On Friday, Raúl Castro said he would resign as the leader of Cuba’s Communist Party, signaling a close to more than six decades of Castro family rule.
The Washington Post reports, “Sixty-two years after a band of revolutionaries set Cuba down the path of confrontation with Washington – and unleashed waves of exiles that reshaped American cities – the last of the Castro brothers, towering figures of the Cold War, announced he will surrender official power.” According to the outlet, “Fidel Castro’s younger brother has hinted for a decade at an expiration date to his public life,” but the 89-year-old “said he would step down as first secretary of the Communist Party.”
Castro made the announcement during a speech on the first day of the Communist Party’s eighth congress. NBC News reported Castro said he had “fulfilled his mission” and was “confident in the future of the fatherland.”
“Nothing, nothing, nothing is forcing me to make this decision,” said Castro. “I believe fervently in the strength and exemplary nature and comprehension of my compatriots, and as long as I live, I will be ready with my foot in the stirrup to defend the homeland, the revolution and socialism with more force than ever.”
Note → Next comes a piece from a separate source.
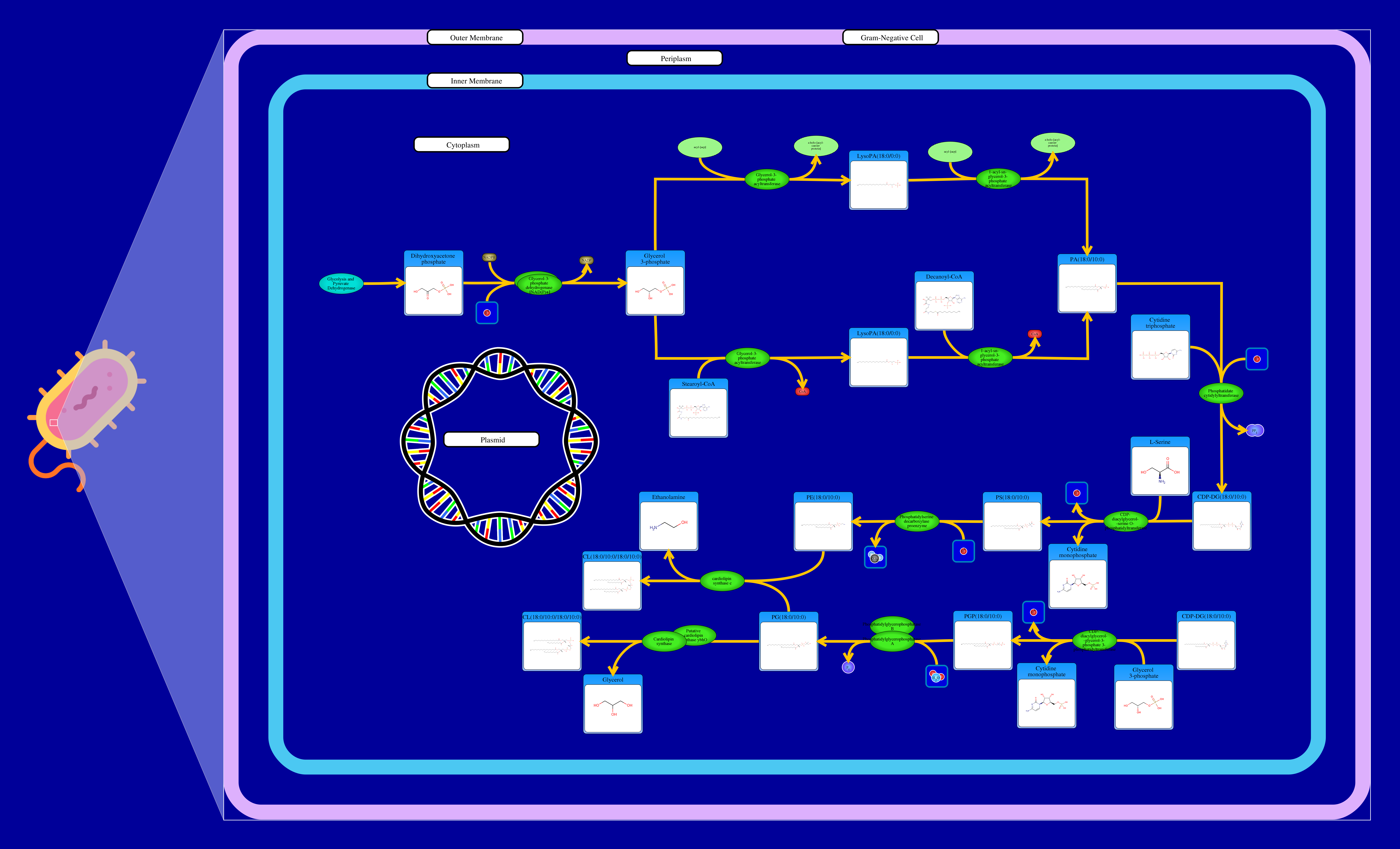 Phospholipids are membrane components in E. coli. The major phospholipids of E. coli are phosphatidylethanolamine, phosphatidylglycerol, and cardiolipin. All phospholipids contain sn-glycerol-3-phosphate esterified with fatty acids at the sn-1 and sn-2 positions. The reaction starts from a glycerone phosphate (dihydroxyacetone phosphate) produced in glycolysis. The glycerone phosphate is transformed into an sn-glycerol 3-phosphate (glycerol 3 phosphate) by NADPH-driven glycerol-3-phosphate dehydrogenase. sn-Glycerol 3-phosphate is transformed to a 1-acyl-sn-glycerol 3-phosphate (lysophosphatidic acid). This can be achieved by an sn-glycerol-3-phosphate acyltransferase that interacts either with a long-chain acyl-CoA or with an acyl-[acp]. The 1-acyl-sn-glycerol 3-phosphate is transformed into a 1,2-diacyl-sn-glycerol 3-phosphate (phosphatidic acid) through a 1-acylglycerol-3-phosphate O-acyltransferase. This compound is then converted into a CPD-diacylglycerol through a CTP phosphatidate cytididyltransferase. CPD-diacylglycerol can be transformed either into an L-1-phosphatidylserine or an L-1-phosphatidylglycerol-phosphate through a phosphatidylserine synthase or a phosphatidylglycerophosphate synthase, respectively. The L-1-phosphatidylserine transforms into L-1-phosphatidylethanolamine through a phosphatidylserine decarboxylase. On the other hand, L-1-phosphatidylglycerol-phosphate gets transformed into an L-1-phosphatidyl-glycerol through a phosphatidylglycerophosphatase. These 2 products combine to produce a cardiolipin and an ethanolamine. The L-1 phosphatidyl-glycerol can also interact with cardiolipin synthase resulting in a glycerol and a cardiolipin.

Comrade Raul Castro steps down today as the First Secretary of the Communist Party in Cuba after a lifetime of service to the revolutionary cause. Venceremos! pic.twitter.com/fEMvujqYpP
— Vijay Prashad (@vijayprashad) April 16, 2021
The Associated Press reports, Castro did not say who he would endorse as his replacement, “but previously indicated he favors yielding control to 60-year-old Miguel Díaz-Canel, who succeeded him as president in 2018 and is the standard bearer of a younger generation of loyalists who have been pushing an economic opening without touching Cuba’s one-party system.” Castro described those comrades as “full of passion and anti-imperialist spirit.”
“Raul Castro stepping down as head of the Communist Party in #Cuba isn’t real change,” tweeted Republican Senator Marco Rubio of Florida earlier this week. “But real change is already underway nonetheless.”
Raul Castro stepping down as head of the Communist Party in #Cuba isn’t real change
But real change is already underway nonetheless
— Marco Rubio (@marcorubio) April 13, 2021
More from the AP:
The Communist Party is made up of 700,000 activists and is tasked in Cuba’s constitution with directing the affairs of the nation and society.
Fidel Castro, who led the revolution that drove dictator Fulgencio Batista from power in 1959, formally became head of the party in 1965, about four years after officially embracing socialism.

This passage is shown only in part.